**Problem:** Begin at the line that has "Michael Kors Large", stop after the line that has "この記事では、実際の利用者の", and print exactly those lines from the records below, without any pictures.

**Exercise inputs:**
☆ ☆ ☆ ☆ ☆ ☆ ☆

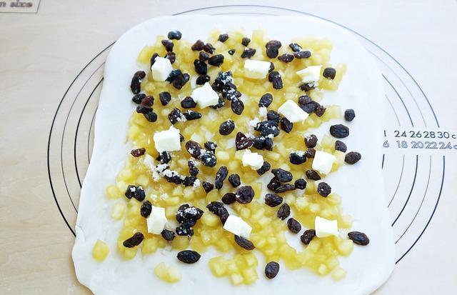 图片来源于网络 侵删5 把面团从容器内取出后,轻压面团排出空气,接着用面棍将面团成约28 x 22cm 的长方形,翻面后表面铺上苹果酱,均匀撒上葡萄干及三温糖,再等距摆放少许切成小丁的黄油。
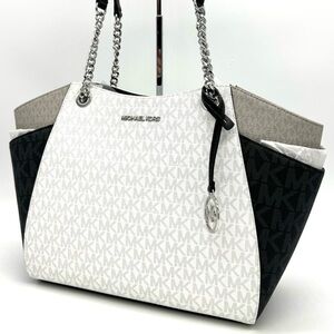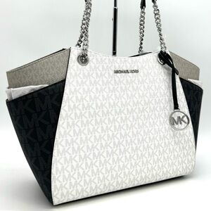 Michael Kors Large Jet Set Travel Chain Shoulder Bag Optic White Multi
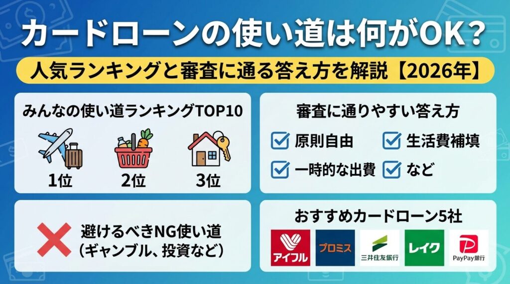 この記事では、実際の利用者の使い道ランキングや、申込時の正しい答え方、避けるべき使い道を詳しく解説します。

☆ ☆ ☆ ☆ ☆ ☆ ☆

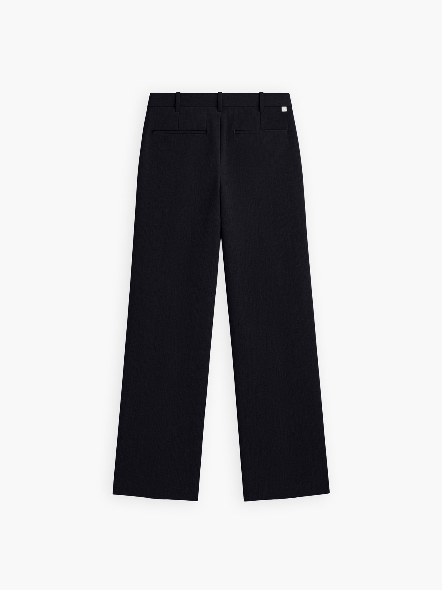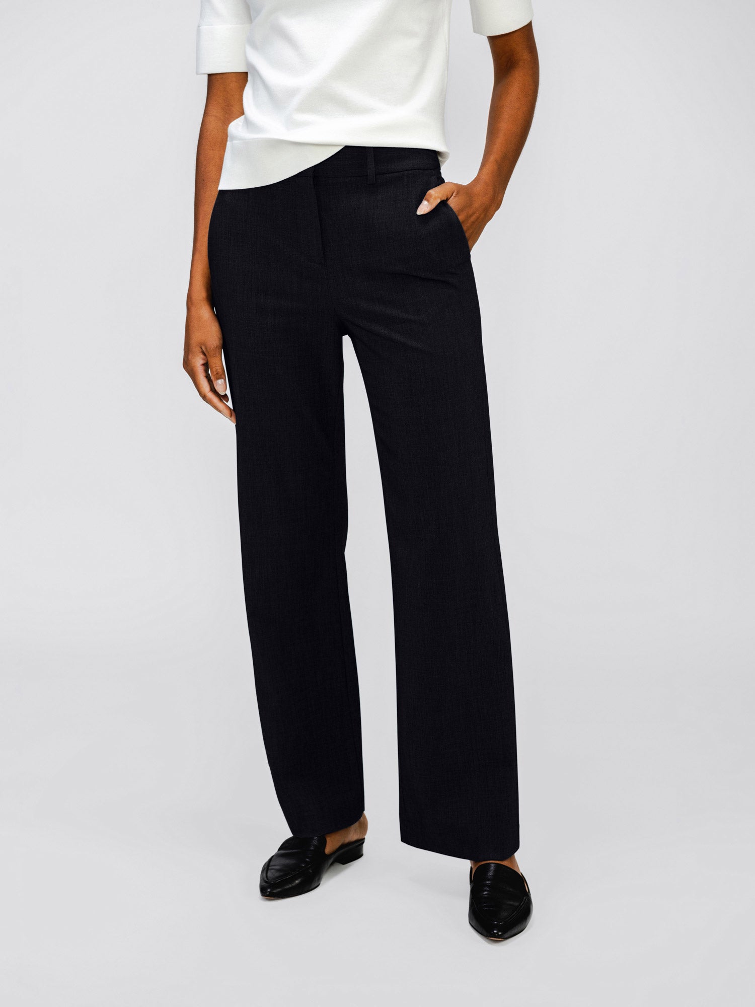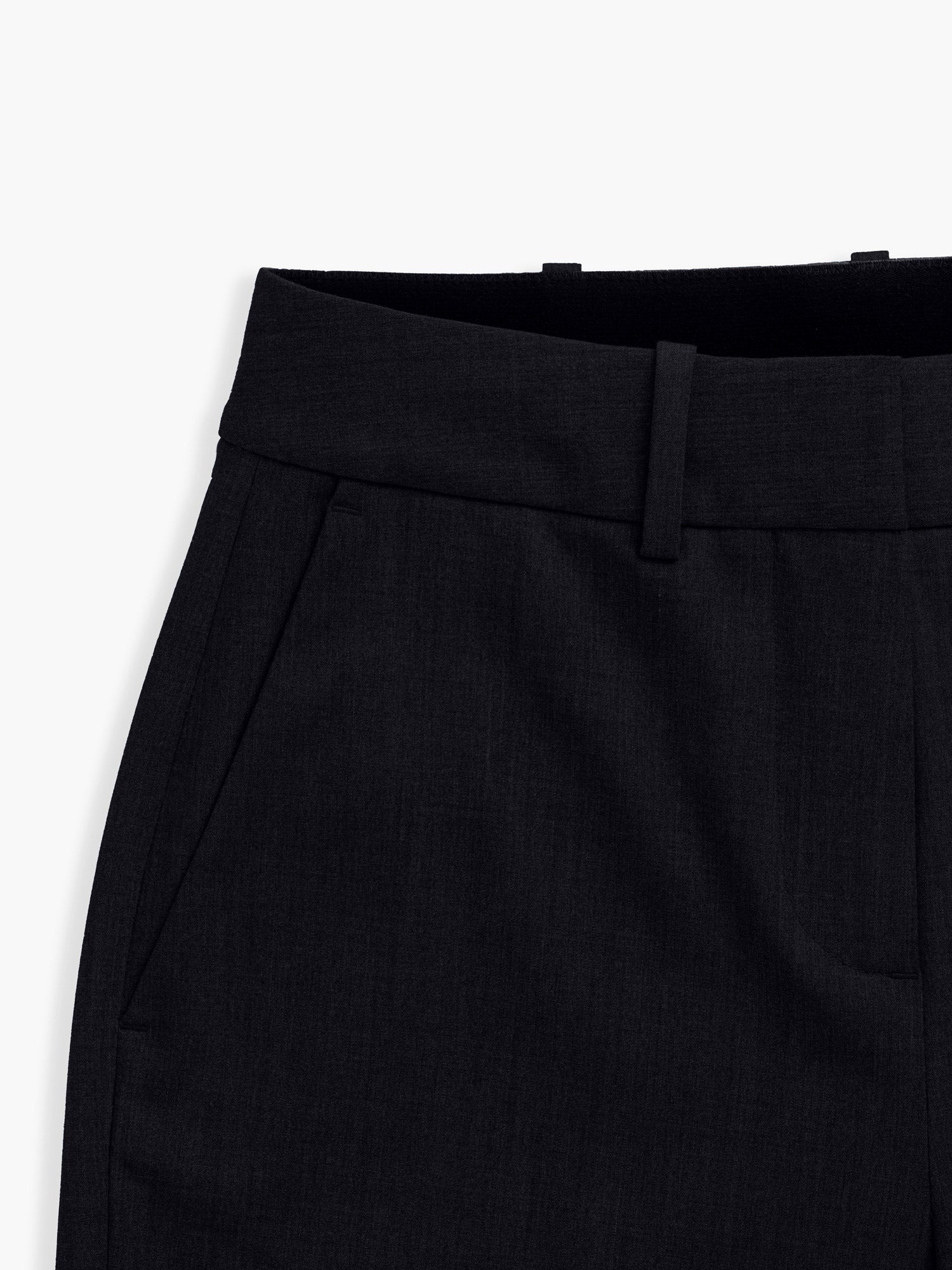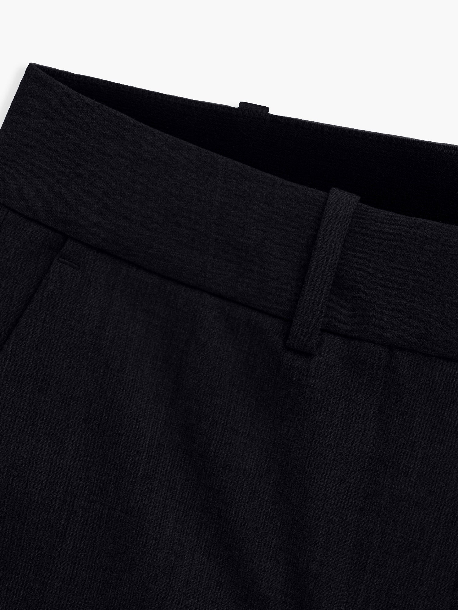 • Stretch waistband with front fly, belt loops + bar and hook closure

☆ ☆ ☆ ☆ ☆ ☆ ☆

**Written response:**
 Michael Kors Large Jet Set Travel Chain Shoulder Bag Optic White Multi
 この記事では、実際の利用者の使い道ランキングや、申込時の正しい答え方、避けるべき使い道を詳しく解説します。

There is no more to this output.